DATA PROVIDED:
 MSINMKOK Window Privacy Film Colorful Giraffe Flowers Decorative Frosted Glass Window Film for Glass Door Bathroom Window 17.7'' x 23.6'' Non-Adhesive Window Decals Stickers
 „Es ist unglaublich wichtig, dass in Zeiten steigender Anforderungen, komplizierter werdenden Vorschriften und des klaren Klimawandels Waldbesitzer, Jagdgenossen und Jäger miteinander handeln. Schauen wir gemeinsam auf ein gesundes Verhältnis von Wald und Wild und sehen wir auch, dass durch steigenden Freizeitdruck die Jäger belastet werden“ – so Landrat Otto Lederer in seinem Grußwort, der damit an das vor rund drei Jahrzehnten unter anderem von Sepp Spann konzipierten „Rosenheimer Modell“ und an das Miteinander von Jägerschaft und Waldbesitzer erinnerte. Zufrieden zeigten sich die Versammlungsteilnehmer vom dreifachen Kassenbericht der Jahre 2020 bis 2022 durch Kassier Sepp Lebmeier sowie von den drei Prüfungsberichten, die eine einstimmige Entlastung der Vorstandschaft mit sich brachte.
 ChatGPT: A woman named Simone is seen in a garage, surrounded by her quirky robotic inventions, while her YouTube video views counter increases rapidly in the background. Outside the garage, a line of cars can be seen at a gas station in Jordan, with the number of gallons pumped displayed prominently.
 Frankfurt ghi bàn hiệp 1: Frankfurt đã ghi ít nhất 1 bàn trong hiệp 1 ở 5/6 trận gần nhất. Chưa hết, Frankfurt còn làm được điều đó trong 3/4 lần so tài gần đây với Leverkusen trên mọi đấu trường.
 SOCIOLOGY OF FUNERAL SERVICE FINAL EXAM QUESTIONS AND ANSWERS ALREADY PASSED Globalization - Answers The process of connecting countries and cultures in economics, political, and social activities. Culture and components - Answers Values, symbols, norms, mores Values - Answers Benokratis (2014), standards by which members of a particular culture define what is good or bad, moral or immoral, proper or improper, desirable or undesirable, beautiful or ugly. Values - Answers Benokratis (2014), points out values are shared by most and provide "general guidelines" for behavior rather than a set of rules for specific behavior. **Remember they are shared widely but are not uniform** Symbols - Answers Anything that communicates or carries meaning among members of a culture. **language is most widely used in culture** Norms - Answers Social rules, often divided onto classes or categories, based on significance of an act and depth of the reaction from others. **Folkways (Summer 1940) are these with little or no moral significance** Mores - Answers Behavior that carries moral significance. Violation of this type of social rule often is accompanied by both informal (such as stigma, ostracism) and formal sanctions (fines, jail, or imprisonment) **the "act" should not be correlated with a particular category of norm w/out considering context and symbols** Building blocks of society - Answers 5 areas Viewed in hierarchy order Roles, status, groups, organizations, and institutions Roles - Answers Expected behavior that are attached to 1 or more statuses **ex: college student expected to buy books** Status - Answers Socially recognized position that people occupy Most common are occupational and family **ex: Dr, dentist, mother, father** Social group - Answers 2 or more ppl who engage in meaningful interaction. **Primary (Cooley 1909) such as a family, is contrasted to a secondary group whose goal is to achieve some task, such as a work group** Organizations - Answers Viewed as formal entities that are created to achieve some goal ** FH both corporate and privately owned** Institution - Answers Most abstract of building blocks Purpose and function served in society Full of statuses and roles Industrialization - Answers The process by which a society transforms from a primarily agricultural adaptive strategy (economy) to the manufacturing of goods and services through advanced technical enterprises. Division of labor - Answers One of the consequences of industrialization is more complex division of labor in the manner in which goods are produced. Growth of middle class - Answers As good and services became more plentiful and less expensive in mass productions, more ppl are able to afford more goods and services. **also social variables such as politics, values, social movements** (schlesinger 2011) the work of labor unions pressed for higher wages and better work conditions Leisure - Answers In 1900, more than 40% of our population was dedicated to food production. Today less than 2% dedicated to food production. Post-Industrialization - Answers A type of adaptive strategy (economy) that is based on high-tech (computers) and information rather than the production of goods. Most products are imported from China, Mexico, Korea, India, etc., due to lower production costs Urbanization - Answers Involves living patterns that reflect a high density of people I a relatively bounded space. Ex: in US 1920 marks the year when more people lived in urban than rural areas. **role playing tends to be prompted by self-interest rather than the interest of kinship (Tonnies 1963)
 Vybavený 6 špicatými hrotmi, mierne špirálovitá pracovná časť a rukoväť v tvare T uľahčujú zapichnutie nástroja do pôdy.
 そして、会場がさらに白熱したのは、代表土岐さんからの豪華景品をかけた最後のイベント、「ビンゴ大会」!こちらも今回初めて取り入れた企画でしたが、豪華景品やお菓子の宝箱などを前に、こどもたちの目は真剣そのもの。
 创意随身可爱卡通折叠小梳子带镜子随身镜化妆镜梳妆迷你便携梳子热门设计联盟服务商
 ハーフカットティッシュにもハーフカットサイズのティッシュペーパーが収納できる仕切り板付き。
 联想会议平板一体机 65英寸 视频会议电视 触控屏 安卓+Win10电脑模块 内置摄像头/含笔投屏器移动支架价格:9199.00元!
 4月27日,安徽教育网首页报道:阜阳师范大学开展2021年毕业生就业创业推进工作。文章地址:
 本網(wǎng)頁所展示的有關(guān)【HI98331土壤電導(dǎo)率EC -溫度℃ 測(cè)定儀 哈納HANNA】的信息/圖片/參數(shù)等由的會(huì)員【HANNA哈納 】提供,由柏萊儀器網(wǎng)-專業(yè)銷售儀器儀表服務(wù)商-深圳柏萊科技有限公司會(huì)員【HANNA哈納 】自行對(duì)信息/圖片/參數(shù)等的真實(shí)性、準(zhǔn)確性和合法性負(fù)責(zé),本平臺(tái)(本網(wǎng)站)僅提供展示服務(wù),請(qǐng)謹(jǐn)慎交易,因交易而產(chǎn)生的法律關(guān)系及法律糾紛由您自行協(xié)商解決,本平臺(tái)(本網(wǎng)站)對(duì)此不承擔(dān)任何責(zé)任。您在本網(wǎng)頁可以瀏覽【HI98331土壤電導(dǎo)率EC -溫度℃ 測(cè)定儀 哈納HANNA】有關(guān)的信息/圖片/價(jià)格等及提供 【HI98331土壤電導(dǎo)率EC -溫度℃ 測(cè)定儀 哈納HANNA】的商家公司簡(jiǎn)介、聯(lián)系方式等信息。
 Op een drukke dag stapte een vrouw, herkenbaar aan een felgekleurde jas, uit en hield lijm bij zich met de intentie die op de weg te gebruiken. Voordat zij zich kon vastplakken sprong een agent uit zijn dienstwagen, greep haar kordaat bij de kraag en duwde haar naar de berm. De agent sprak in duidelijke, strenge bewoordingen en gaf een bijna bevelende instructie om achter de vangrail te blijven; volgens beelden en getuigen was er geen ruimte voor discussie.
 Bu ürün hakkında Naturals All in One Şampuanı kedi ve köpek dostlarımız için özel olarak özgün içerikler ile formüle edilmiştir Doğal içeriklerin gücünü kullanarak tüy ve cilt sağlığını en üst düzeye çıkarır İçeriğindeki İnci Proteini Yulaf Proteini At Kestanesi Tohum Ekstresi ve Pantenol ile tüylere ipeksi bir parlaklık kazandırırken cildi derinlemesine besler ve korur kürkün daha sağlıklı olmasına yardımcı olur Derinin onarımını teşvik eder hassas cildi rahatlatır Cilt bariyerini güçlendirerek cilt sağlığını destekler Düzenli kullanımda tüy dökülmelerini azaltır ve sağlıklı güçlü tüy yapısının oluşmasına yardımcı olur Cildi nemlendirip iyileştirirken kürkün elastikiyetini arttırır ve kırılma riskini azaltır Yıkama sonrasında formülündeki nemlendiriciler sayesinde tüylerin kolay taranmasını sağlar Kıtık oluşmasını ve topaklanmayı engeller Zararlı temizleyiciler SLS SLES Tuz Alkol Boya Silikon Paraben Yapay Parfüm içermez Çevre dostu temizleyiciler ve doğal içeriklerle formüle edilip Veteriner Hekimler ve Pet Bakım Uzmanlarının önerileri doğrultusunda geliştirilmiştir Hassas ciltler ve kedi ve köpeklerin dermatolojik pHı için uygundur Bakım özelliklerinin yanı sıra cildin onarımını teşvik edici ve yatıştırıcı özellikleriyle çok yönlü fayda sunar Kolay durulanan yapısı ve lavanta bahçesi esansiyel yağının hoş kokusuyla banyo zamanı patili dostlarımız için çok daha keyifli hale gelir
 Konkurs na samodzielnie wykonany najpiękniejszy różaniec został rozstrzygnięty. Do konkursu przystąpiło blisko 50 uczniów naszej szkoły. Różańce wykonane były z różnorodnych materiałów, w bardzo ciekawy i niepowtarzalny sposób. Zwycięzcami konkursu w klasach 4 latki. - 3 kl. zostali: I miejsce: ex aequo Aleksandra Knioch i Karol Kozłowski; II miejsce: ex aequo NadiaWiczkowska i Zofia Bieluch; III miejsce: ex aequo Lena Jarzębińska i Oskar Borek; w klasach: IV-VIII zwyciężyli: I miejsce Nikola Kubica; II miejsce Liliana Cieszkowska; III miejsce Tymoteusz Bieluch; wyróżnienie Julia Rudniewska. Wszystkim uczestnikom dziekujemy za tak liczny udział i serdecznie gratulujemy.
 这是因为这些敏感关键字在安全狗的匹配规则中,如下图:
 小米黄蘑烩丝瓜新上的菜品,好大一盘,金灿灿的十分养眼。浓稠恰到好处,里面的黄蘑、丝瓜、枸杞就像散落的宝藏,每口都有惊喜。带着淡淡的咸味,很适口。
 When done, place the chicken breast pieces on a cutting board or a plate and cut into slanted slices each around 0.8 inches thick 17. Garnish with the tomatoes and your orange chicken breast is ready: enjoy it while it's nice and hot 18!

TASK: Reproduce exactly, and only, the part of the listing above that begins at the line with "创意随身可爱卡通折叠小梳子带镜子随身镜化妆镜梳妆迷你便携梳子热门设计联盟服务商" and goes on through the line with "本網(wǎng)頁所展示的有關(guān)【HI98331土壤電導(dǎo)率EC -溫度℃ 測(cè)定儀".

ANSWER BOX:
 创意随身可爱卡通折叠小梳子带镜子随身镜化妆镜梳妆迷你便携梳子热门设计联盟服务商
 ハーフカットティッシュにもハーフカットサイズのティッシュペーパーが収納できる仕切り板付き。
 联想会议平板一体机 65英寸 视频会议电视 触控屏 安卓+Win10电脑模块 内置摄像头/含笔投屏器移动支架价格:9199.00元!
 4月27日,安徽教育网首页报道:阜阳师范大学开展2021年毕业生就业创业推进工作。文章地址:
 本網(wǎng)頁所展示的有關(guān)【HI98331土壤電導(dǎo)率EC -溫度℃ 測(cè)定儀 哈納HANNA】的信息/圖片/參數(shù)等由的會(huì)員【HANNA哈納 】提供,由柏萊儀器網(wǎng)-專業(yè)銷售儀器儀表服務(wù)商-深圳柏萊科技有限公司會(huì)員【HANNA哈納 】自行對(duì)信息/圖片/參數(shù)等的真實(shí)性、準(zhǔn)確性和合法性負(fù)責(zé),本平臺(tái)(本網(wǎng)站)僅提供展示服務(wù),請(qǐng)謹(jǐn)慎交易,因交易而產(chǎn)生的法律關(guān)系及法律糾紛由您自行協(xié)商解決,本平臺(tái)(本網(wǎng)站)對(duì)此不承擔(dān)任何責(zé)任。您在本網(wǎng)頁可以瀏覽【HI98331土壤電導(dǎo)率EC -溫度℃ 測(cè)定儀 哈納HANNA】有關(guān)的信息/圖片/價(jià)格等及提供 【HI98331土壤電導(dǎo)率EC -溫度℃ 測(cè)定儀 哈納HANNA】的商家公司簡(jiǎn)介、聯(lián)系方式等信息。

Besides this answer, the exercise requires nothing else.